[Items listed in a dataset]
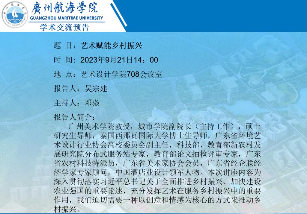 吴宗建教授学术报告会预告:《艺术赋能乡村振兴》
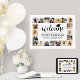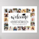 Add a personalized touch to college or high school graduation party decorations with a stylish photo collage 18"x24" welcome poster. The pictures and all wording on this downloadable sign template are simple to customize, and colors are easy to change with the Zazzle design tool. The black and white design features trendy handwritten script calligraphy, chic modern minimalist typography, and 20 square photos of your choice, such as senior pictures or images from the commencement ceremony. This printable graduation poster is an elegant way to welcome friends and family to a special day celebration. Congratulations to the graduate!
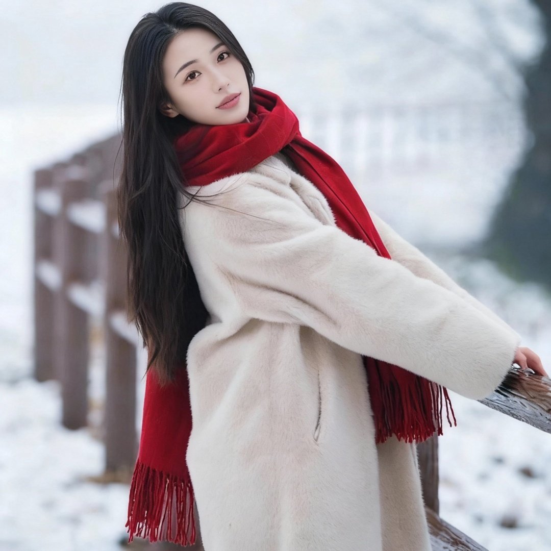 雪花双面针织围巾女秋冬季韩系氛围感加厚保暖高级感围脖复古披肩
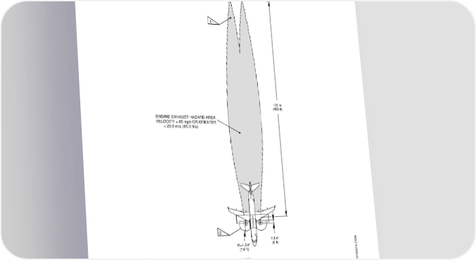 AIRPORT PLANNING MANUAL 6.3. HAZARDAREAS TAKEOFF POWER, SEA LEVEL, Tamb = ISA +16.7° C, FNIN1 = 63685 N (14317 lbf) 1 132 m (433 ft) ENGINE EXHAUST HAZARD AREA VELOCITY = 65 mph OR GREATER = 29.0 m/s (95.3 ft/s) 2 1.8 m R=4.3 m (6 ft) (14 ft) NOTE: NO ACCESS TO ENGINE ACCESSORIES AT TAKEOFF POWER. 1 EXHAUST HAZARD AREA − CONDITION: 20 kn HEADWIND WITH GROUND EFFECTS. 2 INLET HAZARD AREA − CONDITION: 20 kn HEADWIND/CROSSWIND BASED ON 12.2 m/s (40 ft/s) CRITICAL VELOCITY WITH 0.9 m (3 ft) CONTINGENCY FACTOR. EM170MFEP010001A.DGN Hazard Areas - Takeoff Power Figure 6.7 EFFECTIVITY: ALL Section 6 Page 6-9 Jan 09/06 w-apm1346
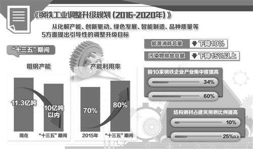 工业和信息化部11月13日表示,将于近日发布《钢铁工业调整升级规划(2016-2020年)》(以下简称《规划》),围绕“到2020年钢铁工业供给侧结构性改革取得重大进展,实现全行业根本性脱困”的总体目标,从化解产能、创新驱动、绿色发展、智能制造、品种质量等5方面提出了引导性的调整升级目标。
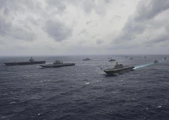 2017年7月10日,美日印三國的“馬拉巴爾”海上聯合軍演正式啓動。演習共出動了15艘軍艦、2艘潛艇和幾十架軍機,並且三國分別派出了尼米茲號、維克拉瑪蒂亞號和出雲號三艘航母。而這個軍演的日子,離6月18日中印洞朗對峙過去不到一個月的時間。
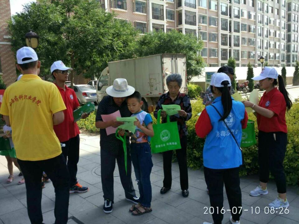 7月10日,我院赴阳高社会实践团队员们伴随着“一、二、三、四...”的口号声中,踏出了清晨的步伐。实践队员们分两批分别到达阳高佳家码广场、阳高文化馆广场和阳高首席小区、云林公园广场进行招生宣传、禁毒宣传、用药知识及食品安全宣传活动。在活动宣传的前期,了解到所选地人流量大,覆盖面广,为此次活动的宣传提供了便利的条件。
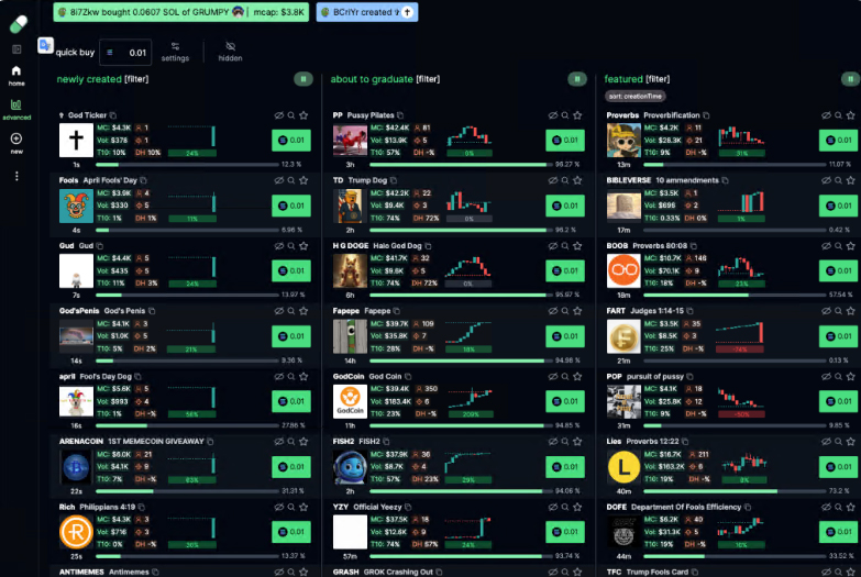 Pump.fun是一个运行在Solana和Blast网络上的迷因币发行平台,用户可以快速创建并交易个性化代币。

- [Exercise details]:
Keep out the pictures, and copy exactly the lines from the one that contains "7月10日,我院赴阳高社会实" through the final line of the records above, both ends included.

- [Final answer]:
 7月10日,我院赴阳高社会实践团队员们伴随着“一、二、三、四...”的口号声中,踏出了清晨的步伐。实践队员们分两批分别到达阳高佳家码广场、阳高文化馆广场和阳高首席小区、云林公园广场进行招生宣传、禁毒宣传、用药知识及食品安全宣传活动。在活动宣传的前期,了解到所选地人流量大,覆盖面广,为此次活动的宣传提供了便利的条件。
 Pump.fun是一个运行在Solana和Blast网络上的迷因币发行平台,用户可以快速创建并交易个性化代币。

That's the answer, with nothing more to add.